*About this task:*
For this exercise, write out only the lines of the entries below from the one with "Sull’Omnipool del DEX" up to and including the one with "Abstract 4 ft.", exactly as they are. Pictures stay out.
[[ Data to examine, beginning ]]
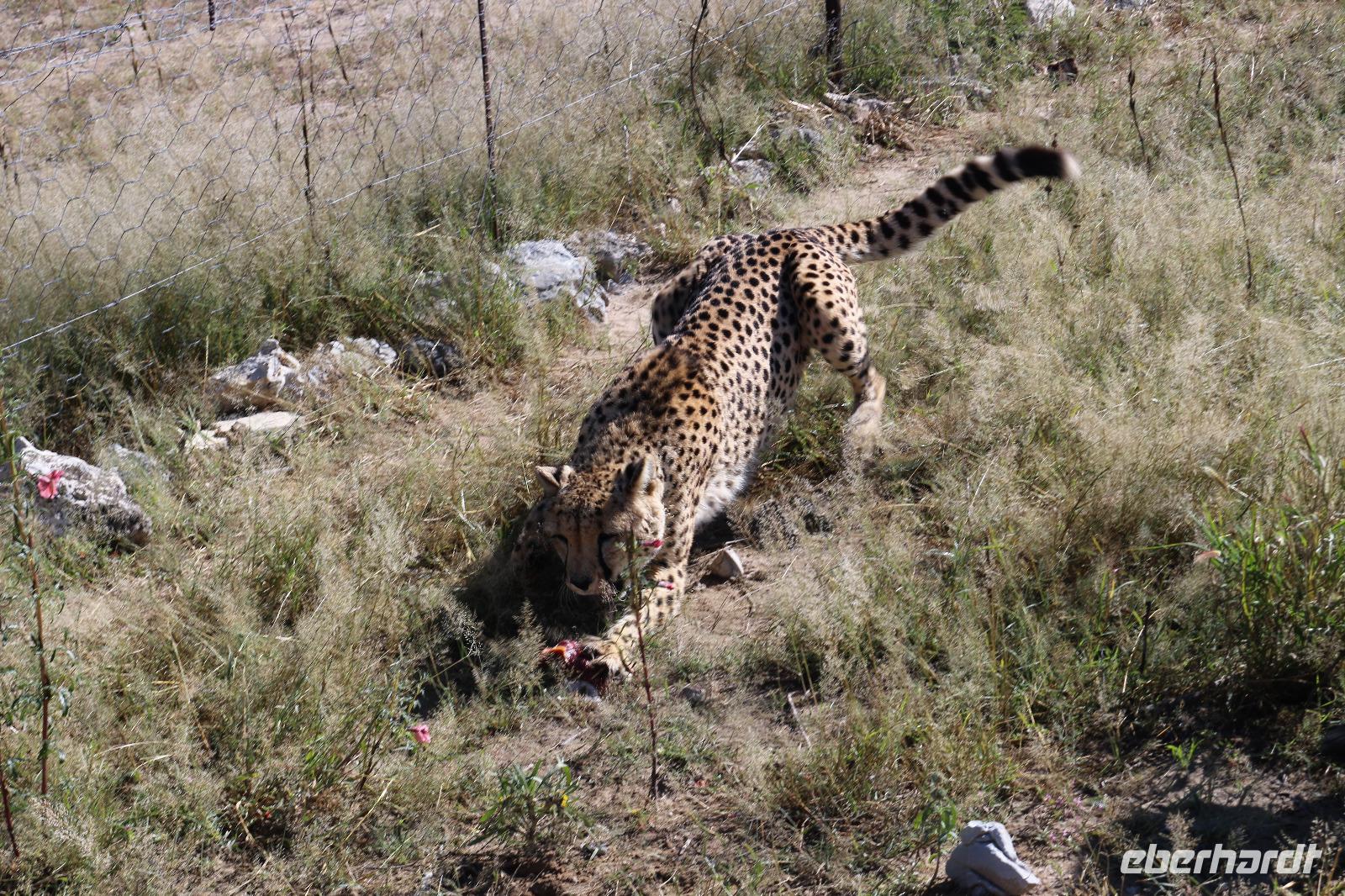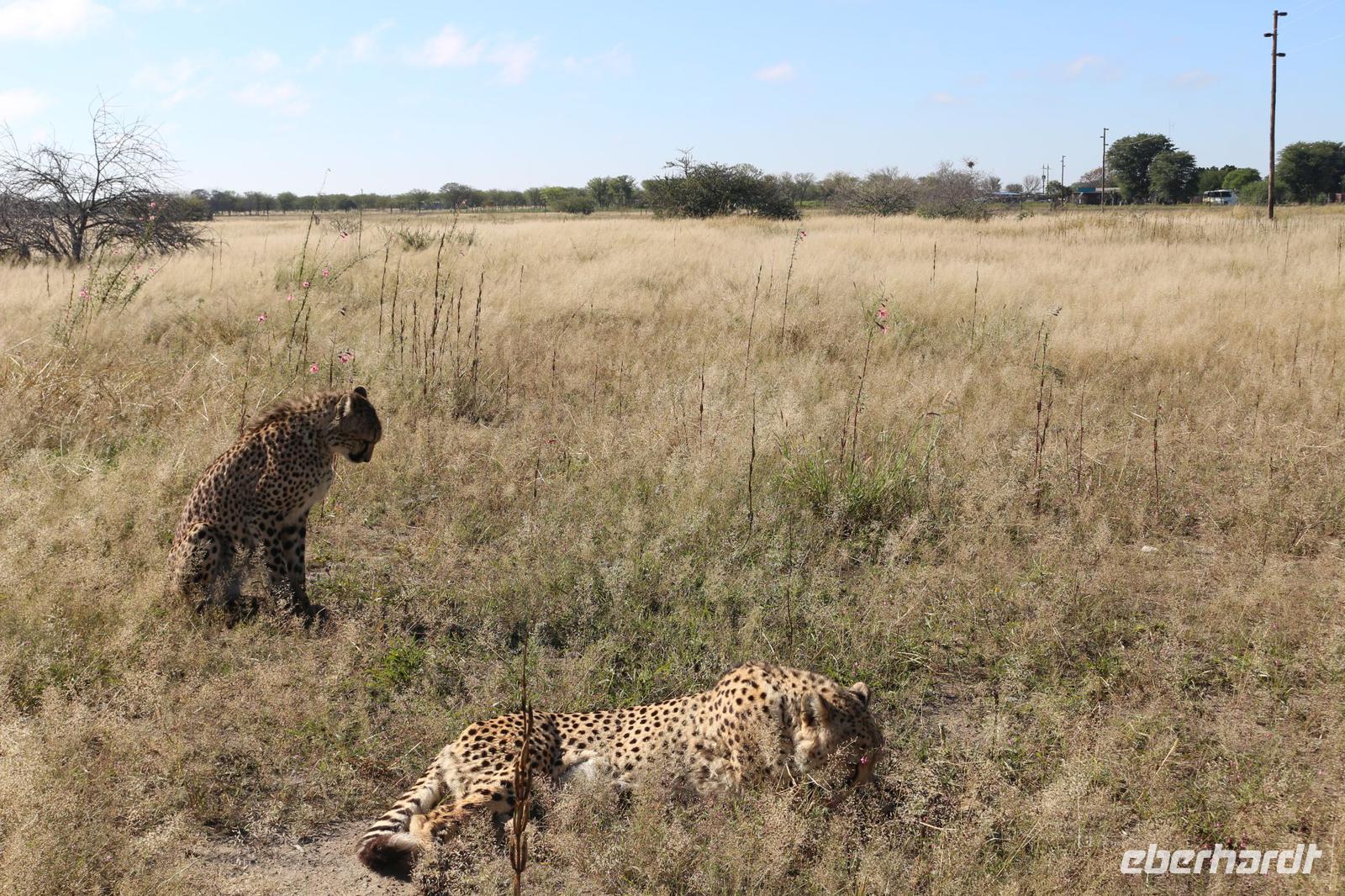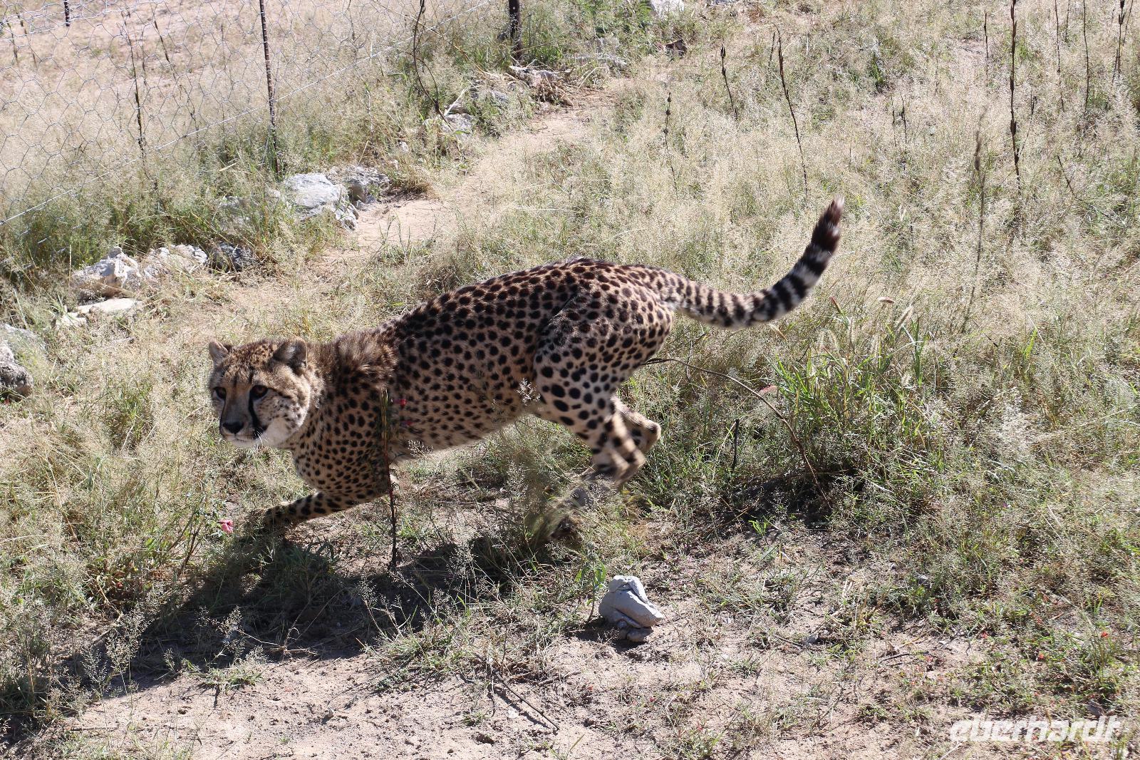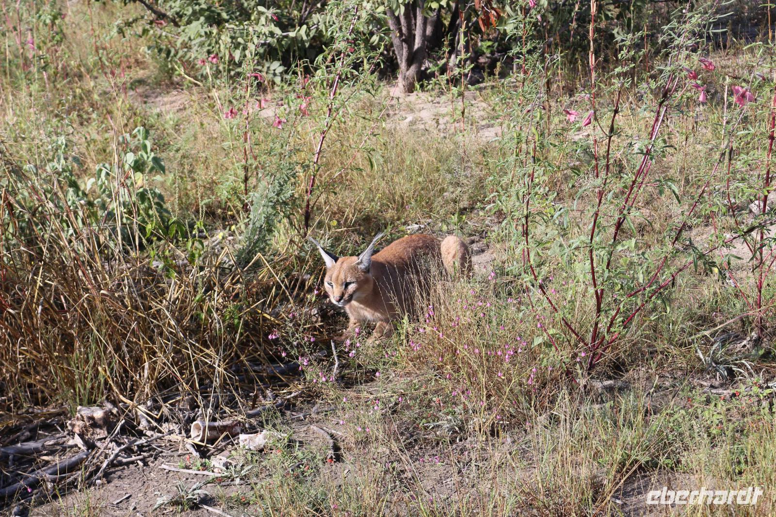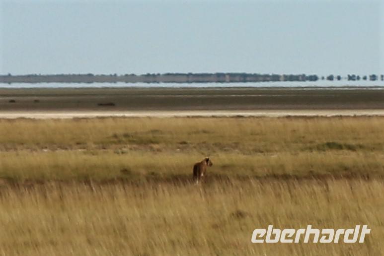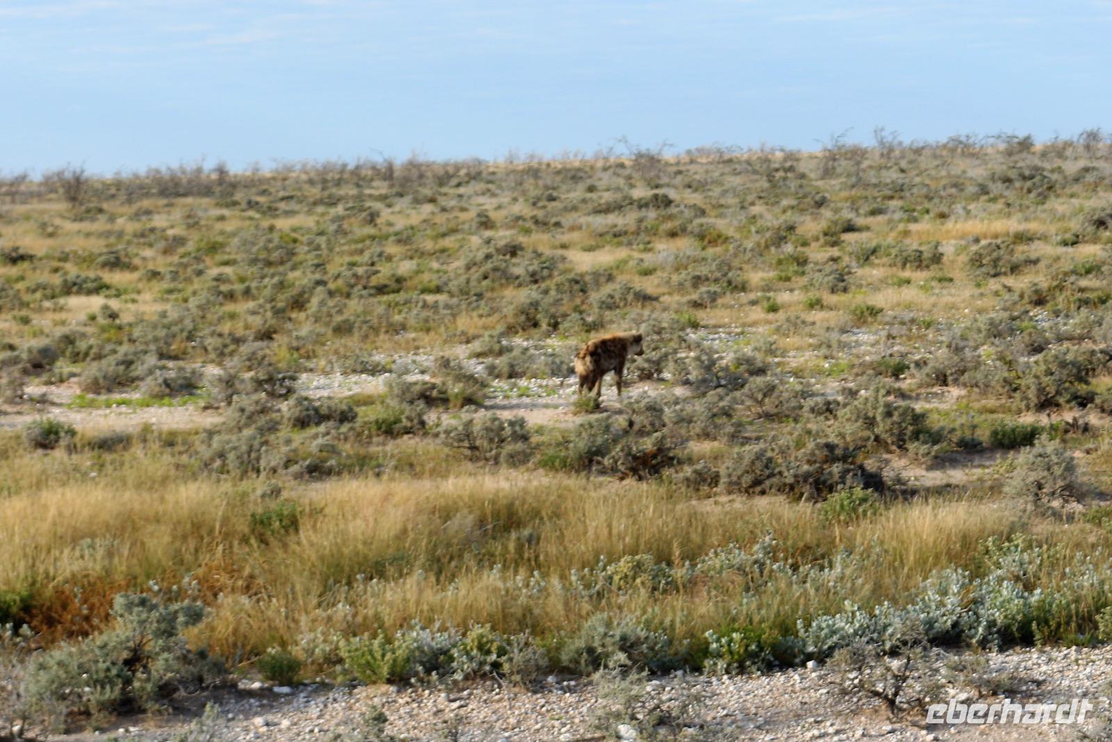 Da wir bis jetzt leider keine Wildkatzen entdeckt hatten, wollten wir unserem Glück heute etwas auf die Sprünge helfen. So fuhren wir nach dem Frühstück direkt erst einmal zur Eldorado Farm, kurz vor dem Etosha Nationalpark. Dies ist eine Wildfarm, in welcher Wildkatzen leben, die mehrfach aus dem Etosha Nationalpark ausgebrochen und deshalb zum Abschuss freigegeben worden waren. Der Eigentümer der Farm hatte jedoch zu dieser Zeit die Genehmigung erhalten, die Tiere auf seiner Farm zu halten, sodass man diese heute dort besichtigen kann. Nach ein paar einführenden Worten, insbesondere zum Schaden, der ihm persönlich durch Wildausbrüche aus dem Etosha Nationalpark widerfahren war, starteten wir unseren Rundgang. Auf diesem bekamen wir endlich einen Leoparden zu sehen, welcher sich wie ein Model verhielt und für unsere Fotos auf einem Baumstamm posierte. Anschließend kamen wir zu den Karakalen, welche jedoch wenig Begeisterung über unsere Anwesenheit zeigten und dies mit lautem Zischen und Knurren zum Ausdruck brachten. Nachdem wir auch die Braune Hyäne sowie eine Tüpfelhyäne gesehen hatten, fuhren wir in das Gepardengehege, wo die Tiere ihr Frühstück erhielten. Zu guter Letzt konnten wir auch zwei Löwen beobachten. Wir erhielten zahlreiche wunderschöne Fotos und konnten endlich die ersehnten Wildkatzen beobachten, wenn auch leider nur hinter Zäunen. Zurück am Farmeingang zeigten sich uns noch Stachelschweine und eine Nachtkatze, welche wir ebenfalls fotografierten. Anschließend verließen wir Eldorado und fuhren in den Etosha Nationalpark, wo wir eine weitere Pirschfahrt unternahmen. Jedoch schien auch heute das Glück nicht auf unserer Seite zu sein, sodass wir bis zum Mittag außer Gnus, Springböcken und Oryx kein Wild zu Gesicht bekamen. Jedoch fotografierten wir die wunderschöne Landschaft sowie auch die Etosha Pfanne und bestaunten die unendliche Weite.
[[ Data to examine, end ]]
[[ Data to examine, beginning ]]
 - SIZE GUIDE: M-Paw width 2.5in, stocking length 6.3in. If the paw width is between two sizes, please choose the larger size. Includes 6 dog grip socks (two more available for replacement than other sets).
[[ Data to examine, end ]]
[[ Data to examine, beginning ]]
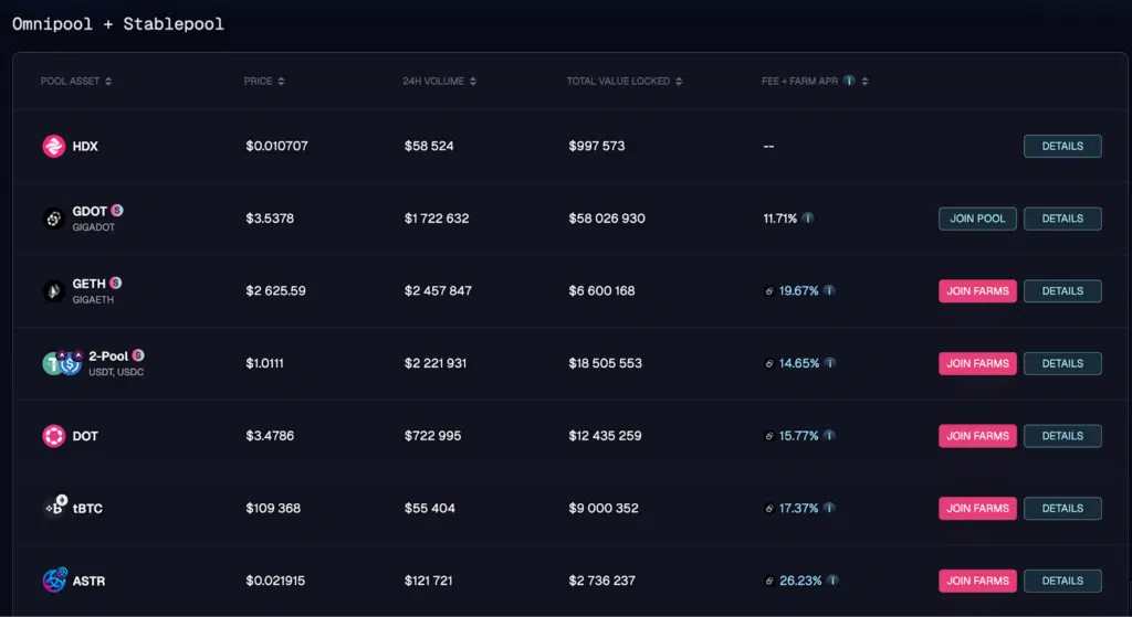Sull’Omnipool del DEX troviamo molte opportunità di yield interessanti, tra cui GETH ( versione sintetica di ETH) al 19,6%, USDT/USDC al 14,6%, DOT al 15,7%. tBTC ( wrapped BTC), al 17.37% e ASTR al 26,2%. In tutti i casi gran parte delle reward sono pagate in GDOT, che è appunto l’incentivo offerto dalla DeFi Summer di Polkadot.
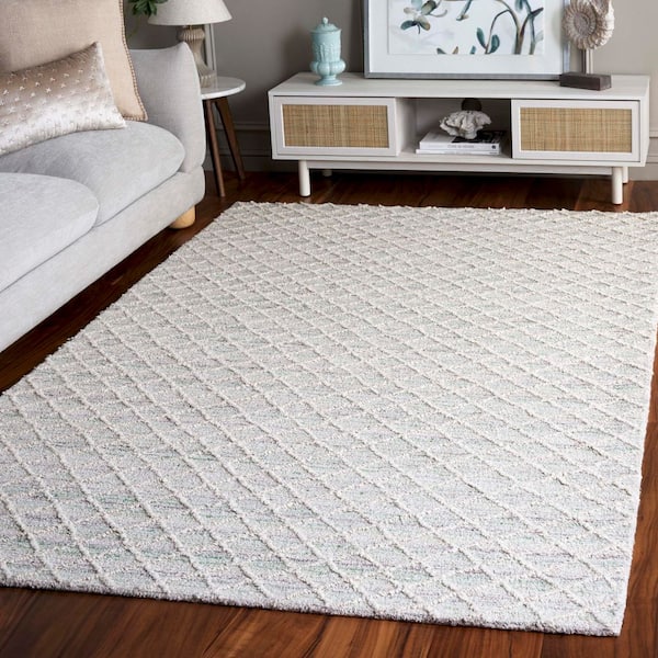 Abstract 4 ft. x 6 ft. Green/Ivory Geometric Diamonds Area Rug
[[ Data to examine, end ]]
*Reply to the task:*
Sull’Omnipool del DEX troviamo molte opportunità di yield interessanti, tra cui GETH ( versione sintetica di ETH) al 19,6%, USDT/USDC al 14,6%, DOT al 15,7%. tBTC ( wrapped BTC), al 17.37% e ASTR al 26,2%. In tutti i casi gran parte delle reward sono pagate in GDOT, che è appunto l’incentivo offerto dalla DeFi Summer di Polkadot.
 Abstract 4 ft. x 6 ft. Green/Ivory Geometric Diamonds Area Rug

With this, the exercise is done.